Have you checked out the R15 boards lately? They are full of major issues.

It's shipping, because it's the only DVR you can get from DirecTV. But it's a failure in that it's horrible software, that is perhaps even worse than the cable-co DVR's. I would never buy a DVR based on that software from DirecTV, for $2000 no less, to get my HD. I would, however, pay $2000 for 2xTivo Series 3's.


----------



## AbMagFab (Feb 5, 2001)

jschmidt said:


> I also have a $25k+ home theater and I would at least _consider_ buying one. I can't really go the Series 3 route unless I want to go back to cable, which would suck for me because Adelphia PQ sucks in my area. Not sure I want to go back to that. For those people that really need/want satellite, this may be their only option.


Not really true - they are still planning to develop and ship the regular HR20, which will presumably be sub-$1000. I still wouldn't buy the HR20 given the bad software base of the R15.

As for switching, I know.
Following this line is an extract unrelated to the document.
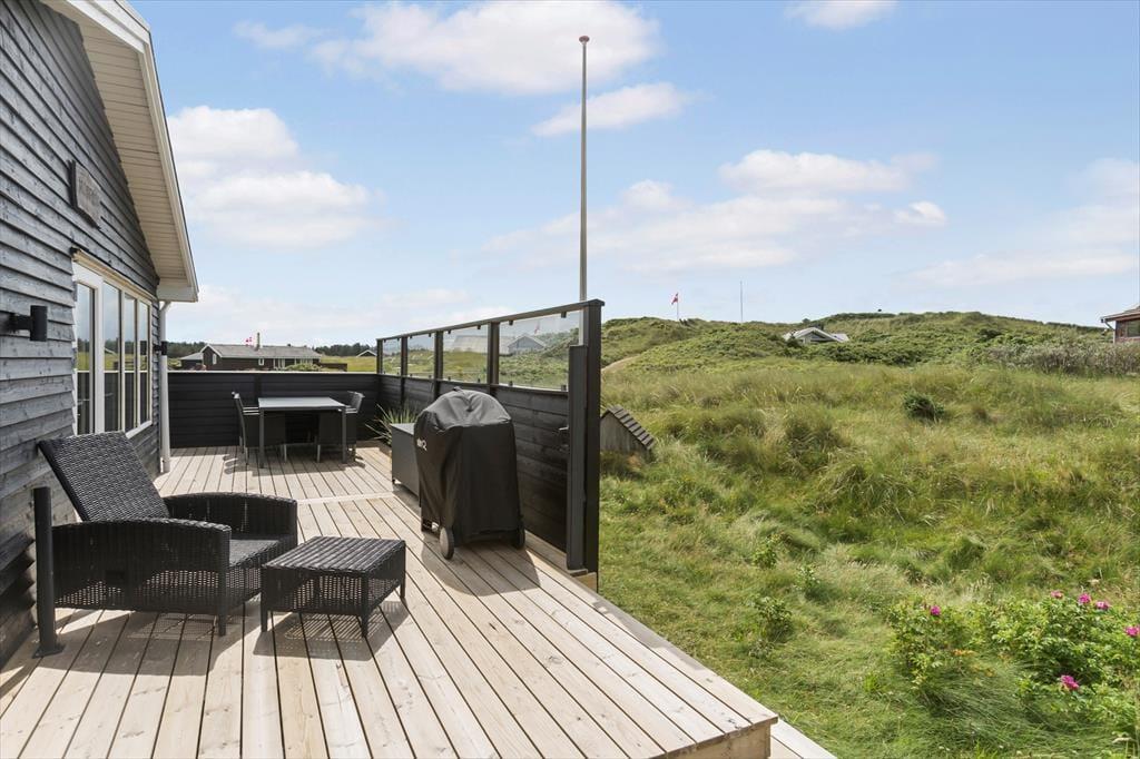 Feriestemningen er også helt i top, når I slapper af ude i det fri på klitgrunden. Her kan I slænge jer på husets store solrige terrasse, der er delvist afskærmet – så der er mulighed for at finde læ selv på en dag med vestenvind. For at I kan have det komfortabelt, er der både havemøbler og liggestole til rådighed, og I kan også finde grillen frem, hvis I får lyst til at tilberede aftensmaden ude i det fri.

But at least Comcast in my area has okay PQ, especially for HD, and I get OTA HD. So worst case, I use Comcast for just the secondary channels, and still get perfect OTA HD, and get a stable Series 3 DVR platform - with MRV, HMO, HME, and everything else Tivo has to offer.

Also, I've got FIOS internet, so it's only a matter of time before FIOS TV is offered here. And they will/do support cablecards, so that's another option with the Series 3.

In any case, the release of the Series 3 will be when I say good bye to DirecTV, even if that means Comcast for a while.


----------



## hancox (Dec 17, 2004)

AbMagFab said:


> I still wouldn't buy the HR20 given the bad software base of the R15.


If I were you, and had FIOS as even a possible alternative, I wouldn't either.

For those of us without such options, this does open quite the problem:

1) Stick it out with the Tivo. (slow, but stable, and a declining channel lineup for some)

2) HR20. Faster, but less stable, and a possibly increasing channel count.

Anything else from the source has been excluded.